Without question, Britain has many outstanding specialist ensembles, all out in force for Bach performances over Easter. Polyphony and the Orchestra of the Age of Enlightenment, conductor Stephen Layton, were matchless in their annual St John Passion, with Ruairi Bowen an enthralling Evangelist. That said, cross-fertilisation of performance practice keeps traditions alive and has shaped the revolution in period instrument performance. As ever, we must treasure the BBC Proms, whose 2025 season, announced last Thursday, includes the Irish Baroque Orchestra and Barokksolistene among its 21 international ensembles.

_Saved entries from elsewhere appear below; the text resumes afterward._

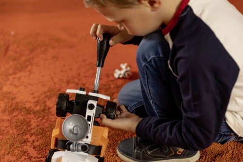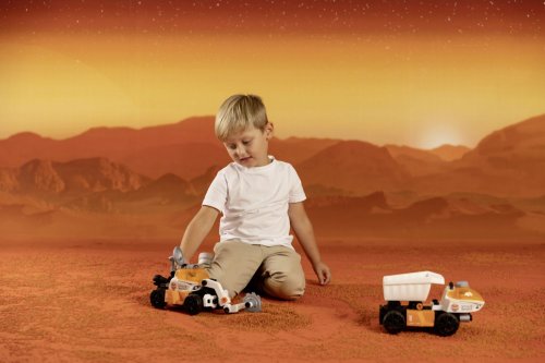 Postav svoj vlastný vesmírny Rover. Balenie obsahuje skrutkovač a 50 dielov, vďaka ktorým je možné zostaviť 3 rôzne prevedenia vozítka. Súčasťou je aj pohyblivá figúrka kozmonauta, ktorý má ruku - skrutkovač. Rozmery vozítka: 25 x 13 x 16,5 cm.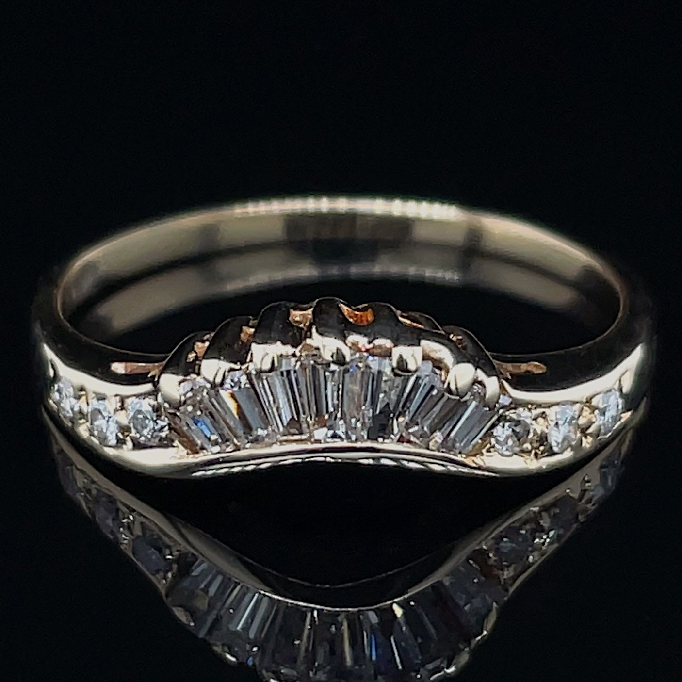 Seven natural baguette diamonds + six round brilliant diamonds = .33 carats, I-J color, VS clarity.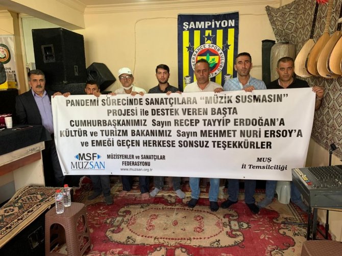 Türkiye Müzisyenler ve Sanatçılar Federasyonu (MÜZSAN) Muş İl Başkanı ve üyeleri, korona virüs tedbirleri kapsamında sağlanan destekler nedeniyle Cumhurbaşkanı Recep Tayyip Erdoğan'a teşekkür etti.

In Paris I had wanted to hear how Notre Dame’s grand Cavaillé-Coll organ now fared, six years after the fire of April 2019. The instrument – nearly 8,000 pipes, five keyboards and 115 stops – was hardly damaged, but had to be cleaned, dried out, dust and water damage repaired. It was the day the pope died. Secularism might be a core concept in the French constitution but it felt otherwise last week. The cathedral, the bells of which had been rung memorially 88 times, was crammed with 10,000 people, and what seemed nearly as many flickering candles, for a tribute mass. It wasn’t the time to ask what the music was, mostly improvised interludes. But I can report that this massive instrument, in a cathedral with a seven-second delay, sounded magnificent, reedy, reverberant: not ideal for the interwoven lines of Bach-style polyphony but perfect, as here, for lush chordal progressions. Olivier Latry, chief organist of Notre Dame, was allegedly playing, but everyone had other matters on their mind that day so I have to rely on hearsay.

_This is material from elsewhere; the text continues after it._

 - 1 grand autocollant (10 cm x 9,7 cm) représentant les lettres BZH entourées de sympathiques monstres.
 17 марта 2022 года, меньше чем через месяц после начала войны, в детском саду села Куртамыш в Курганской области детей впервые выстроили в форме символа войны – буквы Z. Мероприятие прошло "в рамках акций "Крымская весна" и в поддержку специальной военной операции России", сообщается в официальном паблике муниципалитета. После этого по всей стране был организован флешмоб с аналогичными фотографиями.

One other tangential music event in Paris: at the Frank Gehry-designed Louis Vuitton Foundation, a David Hockney exhibition is now open (and, owing to its size, is not scheduled to come to Britain). It culminates in his stage work, with extracts from his Die Zauberflöte, Tristan und Isolde and others. The Hockney-designed Rake’s Progress is still revived at Glyndebourne, but most opera-goers have never had a chance to experience his set live in the theatre. The Yorkshire-born artist is now 87. Time for a short season?